# LSE hedge funds vs. bonds



## RussianAussie (16 March 2015)

Dear investors,

Bond yields are next to zero nowadays.

What do you think about switching bond part of portfolio to market neutral hedge funds?

They have around 7% absolute returns with bond like volatility and are traded at London Stock Exchange.

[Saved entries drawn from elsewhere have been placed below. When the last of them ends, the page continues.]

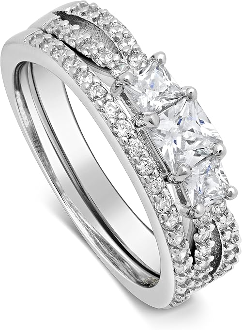 Amazon Com Dtla Sterling Silver Past Present Future Princess Cut Past Present Future Ring With Wedding Band
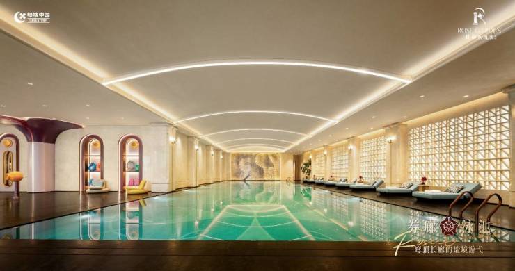 室内恒温泳池以法式玫瑰窗为灵感,马赛克花纹营造波光粼粼之境,以城堡元素打造沉浸式童话场景,创造高浓度陪伴场景。
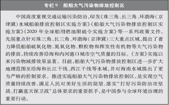 强化大气与水污染防治。坚决打好交通运输领域污染防治攻坚战,用最严格的制度、最严密的法治治理环境污染。在沿海和长江干线等水域设立船舶大气污染物排放控制区,按照国际公约要求对进入中国水域的国际航行船舶实施船用燃油硫含量限制措施,推动船舶使用清洁能源和加装尾气污染治理装备,建立船用低硫燃油供应保障和联合监管机制。执行船舶水污染物排放控制国家强制性标准,推动港口船舶含油污水、化学品洗舱水、生活污水和垃圾等接收处置设施建设,开展港口粉尘污染控制。在全国沿海实施“碧海行动”(注6)计划,打捞存在污染环境风险和影响海上交通运输安全的沉船沉物。加快老旧和高能耗、高排放营运车辆、施工机械治理和淘汰更新,推进实施机动车排放检测与强制维护制度(I/M制度)。中央财政采取“以奖代补”方式支持京津冀及周边地区、汾渭平原淘汰国Ⅲ及以下排放标准营运柴油货车。全面开展运输结构调整三年行动,2012年至2019年全国机动车污染物排放量下降65.2%。

CFD are also available.

One more advantage is that most of they don't pay dividends and capitalize profits.
Disadvantage is that they are closed end funds and price can be more volatile than NAV.
However, most of them make shares buyback if the price drops below 5% of NAV

This is a list of my favourites:

Bluecrest Allblue Fund Limited 
BABS@LSE
This one is my favourite, it had profits during GFC and has zero correlation to stocks!
6.9% returns in 2014

Third Point Offshore Investors Ltd USD	
TPOU@LSE
This long-short hedge fund had historical 17.5% p.a. returns but correlation to stocks is above zero.

BH Global Limited	
BHGG

BH Macro Limited	
BHMG

BlueCrest BlueTrend Limited	
BBTS

Bacit Limited	
BACT

Dexion Absolute Limited 
DAB

I currently stopped investing to bonds and moved 60% of my portfolio to 1:2 leveraged hedge funds.

Best regards,
Alex


----------